К 1960 году на моем радаре возникли абстрактные футуристические формы, и я начал работать совершенно в другом направлении. Моим вдохновением стало оригами — древнее японское искусство складывания бумаги, я стал использовать в творчестве квадраты и углы, чистые линии — никаких больше завитушек в стиле романтизма XIX века.
William J. приглашает вас на показ весенней коллекции дамских шляпок 1958 года в его салоне на Пятьдесят четвертой улице, 44
7 января в 11:30
~
Для прессы. Просьба ответить на приглашение
Приглашение без права передачи.
Страховочный сбор для байеров 200$
Страховочный сбор для производителей 450$
К осени 1960 года мои антенны удлинились настолько, что даже люди, которые верили в меня с самого начала, стали подумывать, а не плачет ли по мне сумасшедший дом. Вдохновением для новой коллекции стала Африка. Головные уборы зулусов и африканские рептилии вдохновили меня на создание коллекции целиком из змеиной и других видов кожи. Шить из кобры и питона было очень волнующе. У этих шляп отсутствовала твердая основа: я рассчитывал, что змеиная кожа примет форму естественным образом. Мы лакировали обезьяний мех и оторачивали его черной кожей. Коллекция была прекрасной, но, увы, слишком новаторской, и почти не продавалась.
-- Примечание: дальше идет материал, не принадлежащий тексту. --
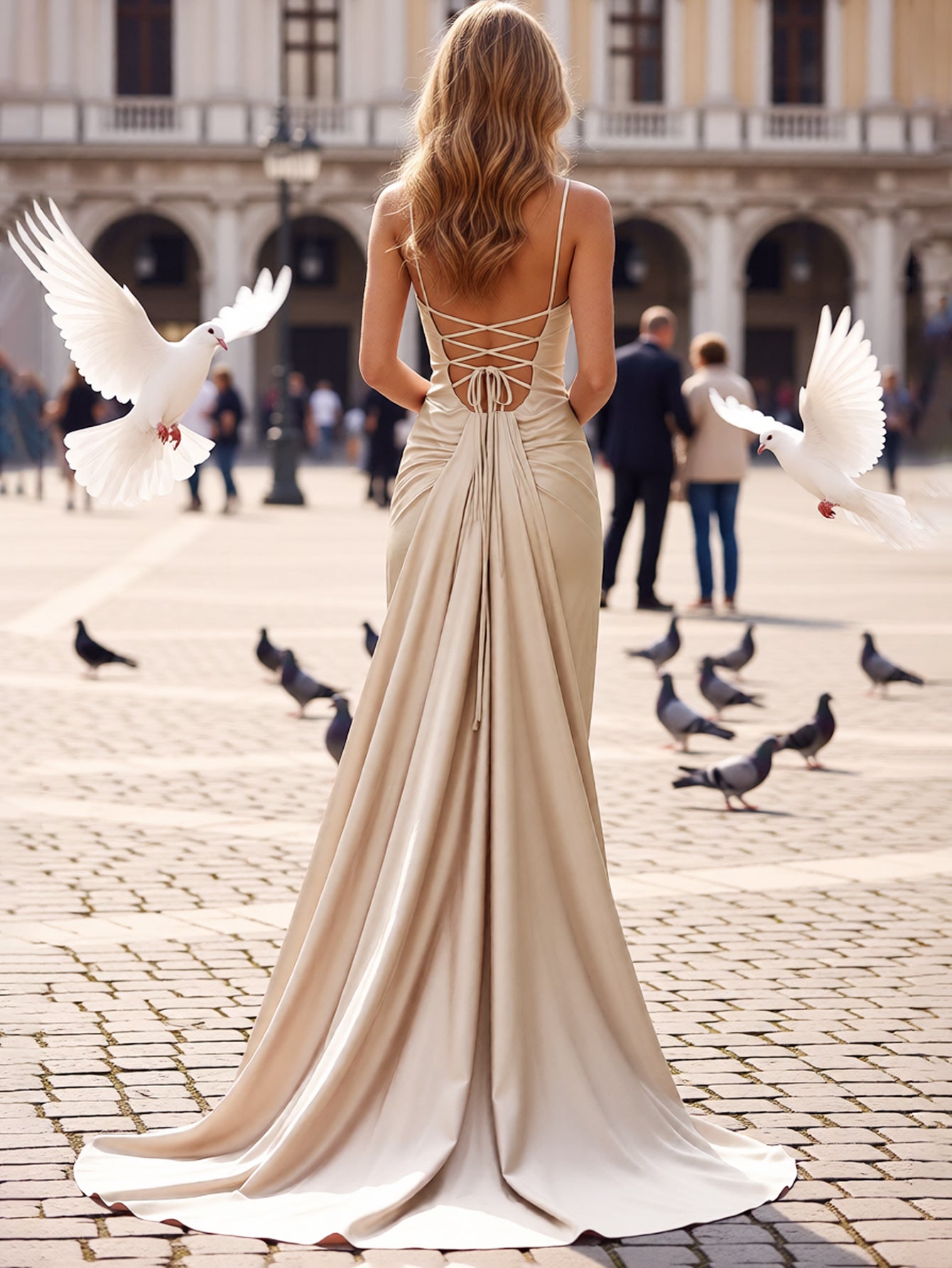 Details: Backless, Sparkly, Beading, Ruched, Lace Up, Drop Train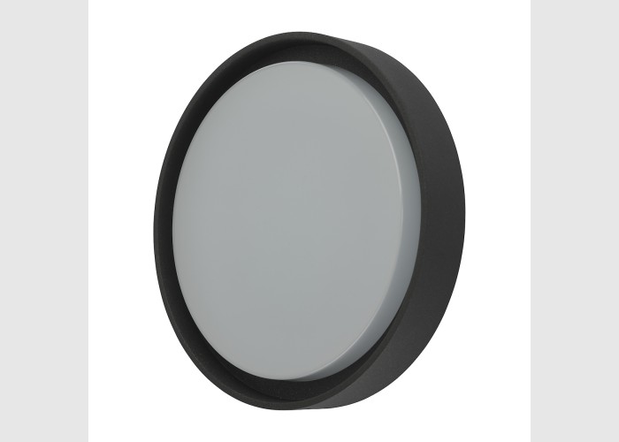 The Ralph Round Outdoor Flush is a large modern bulkhead light with a diecast body and a polycarbonate diffuser.

Однако уже через три года все в мире моды носили и делали шляпы из змеиной кожи — а также куртки, костюмы и браслеты.
Моя последняя коллекция в 1962 году состояла из космических шлемов, обтекаемых, лишенных всякого украшательства, — чистая форма, напоминавшая корпуса ракет и шлемы автогонщиков. Коллекция стала предвестником новой эпохи в моде.
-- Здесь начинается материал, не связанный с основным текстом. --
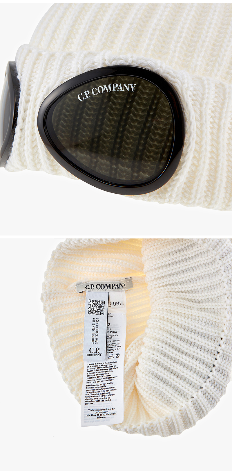 [15% 쿠폰] C.P. 컴퍼니 엑스트라 파인 메리노 울 고글 비니 거즈 화이트 - 25FW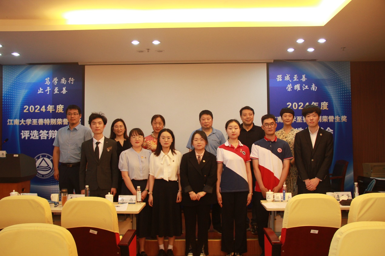 答辩会上候选人通过PPT展示了各自在专业学习、学术科研、创新创业、社会服务等方面的成绩与收获,也讲述了自己与至善结缘、在至善成长的生动故事。他们中有披荆斩棘带领团队不断创新,荣获国家国际各大比赛名次的竞赛达人生物工程学院的钟泽;有投身于临床医学,参加“生命健康”志愿服务近1000小时,受益人超10000人的奉献者医学院的李艳婷;有连年获得国家奖学金,推免综合成绩、综测测评、至善年度考核第一的勤学者人工智能与计算机学院的张俊杰;有刮摩淬励,潜心投身实验室,发表了一篇核心论文,申请了一项发明专利,并于企业合作解决生产问题的科研人化学与材料工程学院的姜雨;有连续三年保持专业GPA第一,综测班级第一,上求下索虚心致学的奋进者食品学院的李晟阳;有主持过国家级大项目“基于多局域模响应的多频带太赫兹超材料吸收器研究”的攀登者理学院的林鸿燕;有情系古籍,参与全国教育科学“十四五”规划项目,江苏省社科基金重点项目等古籍文献研究项目5项的文化传承者人文学院的欣城;有立志科创,获中国国际互联网+大学生创新创业大赛金奖的实践者环境与生态学院的周茹;有以集体为阵地,兼任就业联系员、学业辅导员、纪检委员等职位的引领者人工智能与计算机学院的沈建露;有在江苏省“三下乡”实践活动获先进个人,事迹被光明日报等多家媒体报道的榜样青年物联网工程学院的李琨莹……他们用四年的大学经历完成了对阶段梦想的追求,让心中的至善种子一路发芽、成长,彰显了至善生们的责任与担当。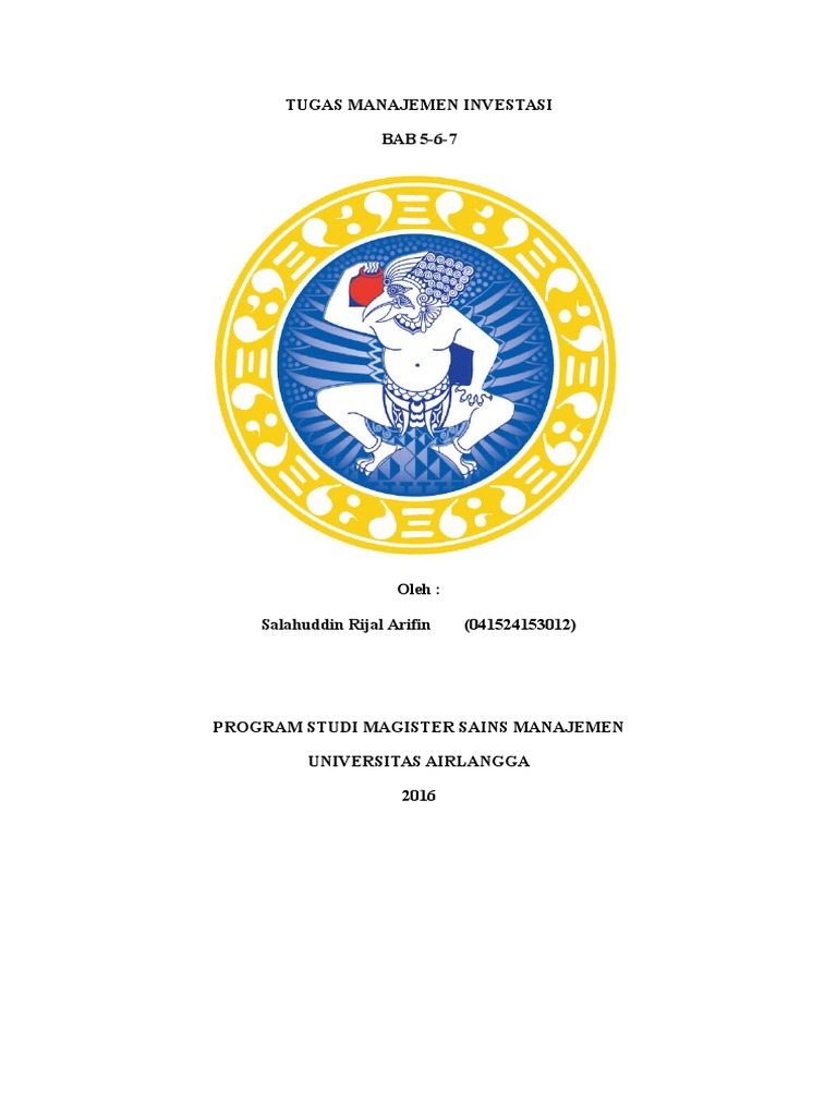 Manajemen investasi dan portofolio pdf. Mata ajar ini membahas investasi pada aset finansial, bagaimana pengambilan keputusan investasi, pengelolaan dan penilaian kinerja investasi. Investor akan memutuskan pilihan investasi pada aset keuangan dari berbagai alternatif investasi yang ada. Berbagai investasi tersebut memiliki tingkat imbal hasil yang tidak pasti. Pemahaman atas konsep risiko dan tingkat pengembalian dari sekuritas ... MANAJEMEN PORTOFOLIO. Alasan memilih manajemen portofolio ini karena alasan sebagai beirikut: 1. CFA (Chartered Financial Analyst) merupakan institusi terkenal yang mengembangkan standar professional investasi untuk para anggotanya. 2. Manajemen portofolio ini menyediakan tahapan sistematik yang mudah dipahami. 3. Pengertian Manajemen Portofolio. Pengertian manajemen portofolio adalah proses terintegrasi yang terdiri atas gabungan beberapa langkah yang diimplementasikan secara konsisten untuk membuat dan mengelola portofolio aset untuk mencapai tujuan tertentu dari seorang investor.. Untuk menghasilkan manajemen portofolio yang baik, maka diperlukan adanya perpaduan aset investasi yang tepat sambil ... Download Analisis Investasi Dan Portofolio PDF (9.00 MB) - SamPDF Unduh Analisis Investasi Dan Portofolio PDF secara gratis di SamPDF. Detail Analisis Investasi Dan Portofolio PDF dapat kamu nikmati dengan cara klik link download dibawah dengan mudah tanpa iklan yang mengganggu. (DOC) Analisis Manajemen Investasi dan Portofolio | shira ...

Каждый сезон я давал критикам повод для обсуждений, и они с упоением перемывали мне косточки. Жаль, что все их время было занято придирками и они не нашли ни минутки, чтобы купить действительно стоящую, новаторскую вещь. Некоторые из моих критиков позднее извинились передо мной за травлю. Через десять лет после взрыва не остается никого, кто не почувствовал бы отголоски. Но так уж устроен мир моды: идея, провозглашенная элегантной, за десять лет до этого считается возмутительным безобразием, за пять лет до пикового момента — смелой, через пять лет после него — скучной. Для тех, кто хочет стать дизайнером, нет единого пути; все, что можно посоветовать, — упорно трудиться, проявлять целеустремленность, граничащую с упрямством, всегда бороться за то, во что веришь. Лишь люди, готовые пожертвовать безопасностью и комфортом и отстаивать свое видение, меняют мир.
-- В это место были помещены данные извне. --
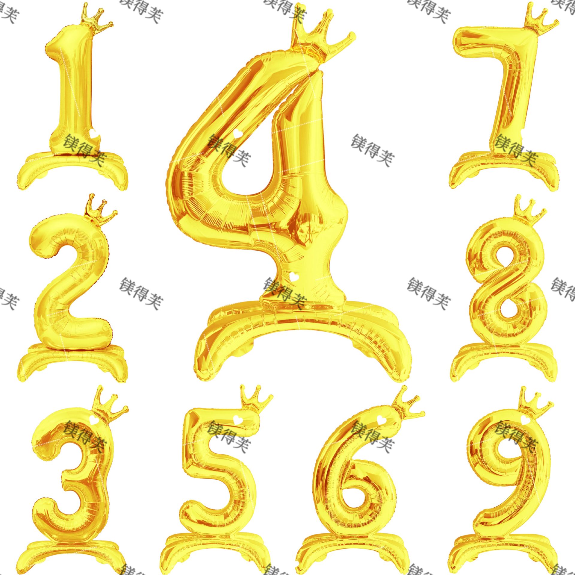 新しい金色の32インチのクラウンは数字の風船に立っています。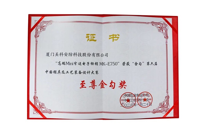 作为中国专业的工业锁具和商用锁具综合服务提供商之一,美科安防电子柜锁 MK-E750?凭借智能化、高端化、适用广,引领行业高质量发展,成功斩获“金勾”的最高奖项“至尊金勾奖”。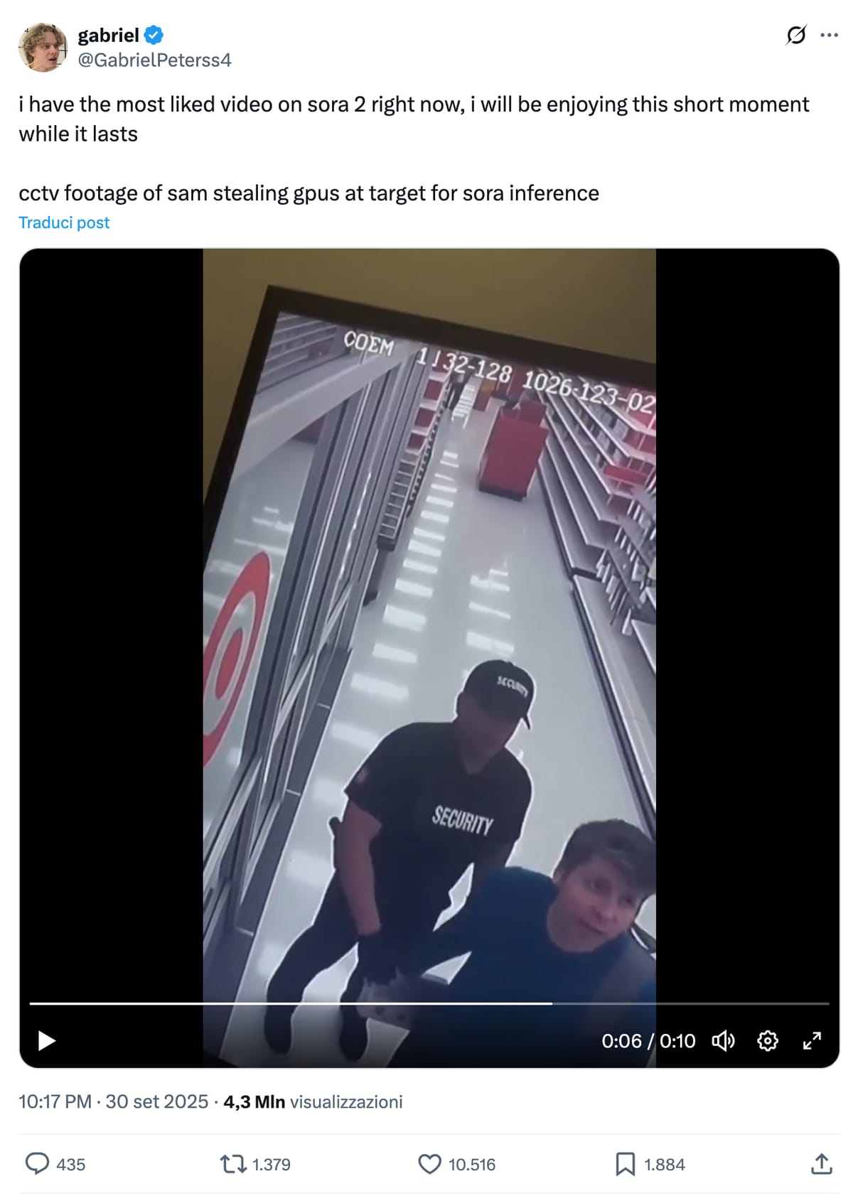 Un ricercatore OpenAI che lavora su Sora ha pubblicato casualmente un video generato con AI, e quindi totalmente falso, di Sam Altman che viene arrestato dopo aver rubato una GPU. Dovrebbe passare per la testa un dubbio, no?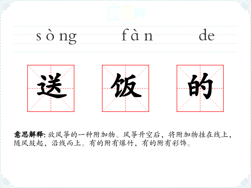 放风筝的一种附加物。风筝升空后,将附加物挂在线上,随风鼓起,沿线而上。有的附有爆竹,有的附有彩饰。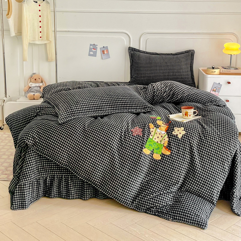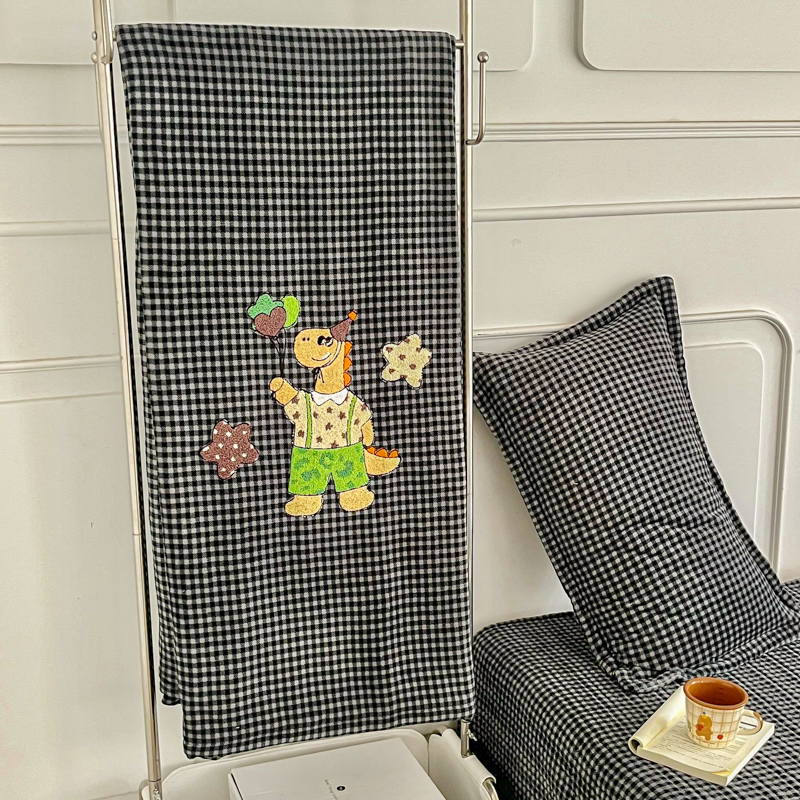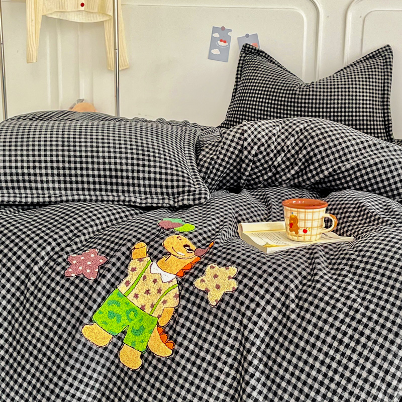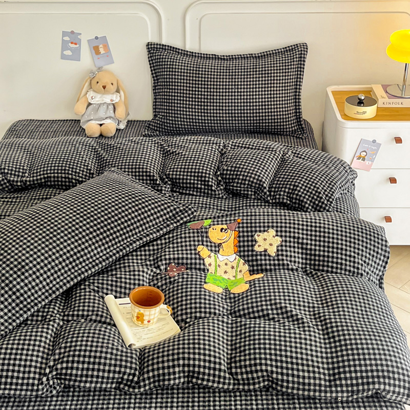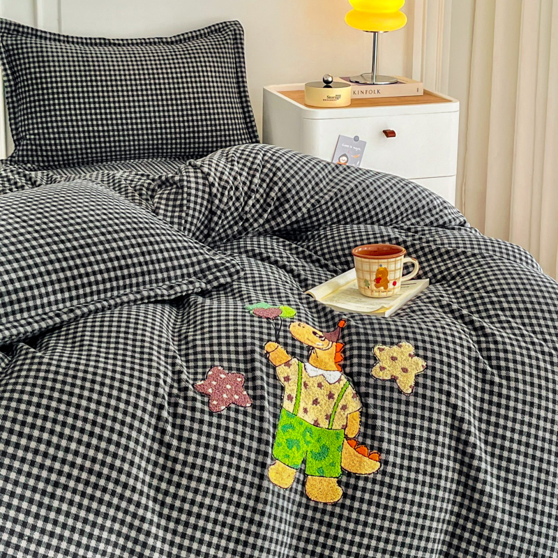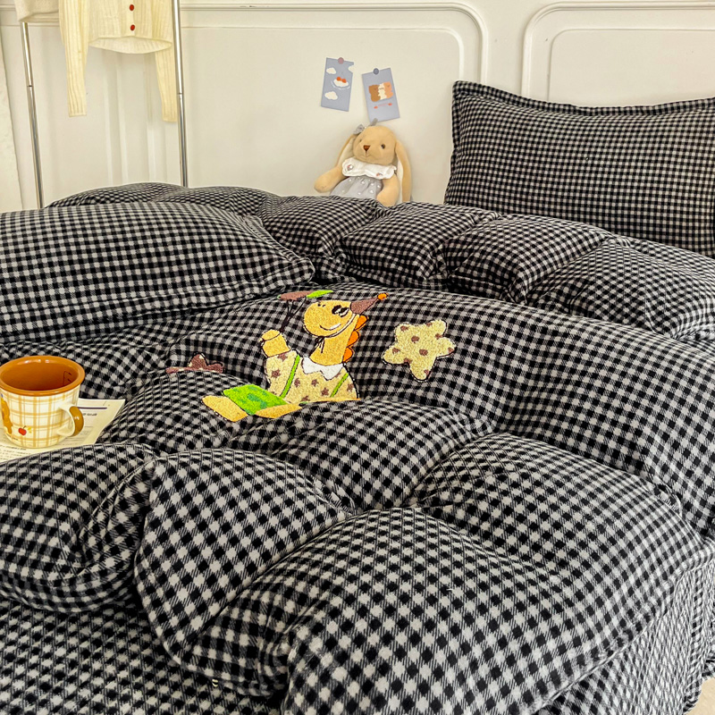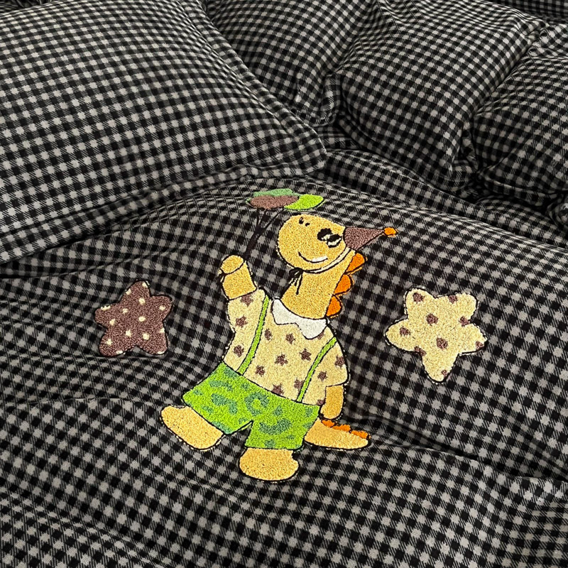 尚美 2025爆款格子系列印加绣牛奶绒床盖四件套 可爱恐龙

1956, 1957 и 1958 годы были удачными для шляпной индустрии, но я чувствовал, что над горизонтом нависла темная туча. Я знал, что вскоре шляпы вовсе выйдут из моды. В 1954 году, сделав первые шляпки из плиссированной вуали, я уже подозревал, что это начало конца: моя модель пользовалась небывалым успехом, но не у шляпников. Ее не брали в отделы шляп, в итоге она попала в отделы аксессуаров, находившиеся на первом этаже универмагов. В следующем сезоне я перестал делать эти шляпы: мне казалось, что они уничтожат всю шляпную индустрию. Как и все шляпники, я сунул свою голову в шляпе в песок, стараясь не замечать надвигающейся угрозы в виде женщин, которые предпочитали вовсе обходиться без головных уборов. Моя подруга миссис Мэк вечно кричала на меня, приказывая быть реалистом и давать людям то, что им нужно. В любом случае стало ясно, что шляпники не будут делать шляпки из вуали. И что вы думаете — к 1960 году шляпы вымерли как вид и все стали носить шарфы на голове. Вот вам один из важнейших уроков в мире моды: не пытайтесь противиться трендам, все равно ничего не выйдет. Дизайнеры должны реализовывать идеи, рождающиеся в самой глубине их подсознания, даже если те кажутся безумными. Я отлично понимал, что у шляп нет будущего, но почему-то решил, что смогу побороть этот тренд.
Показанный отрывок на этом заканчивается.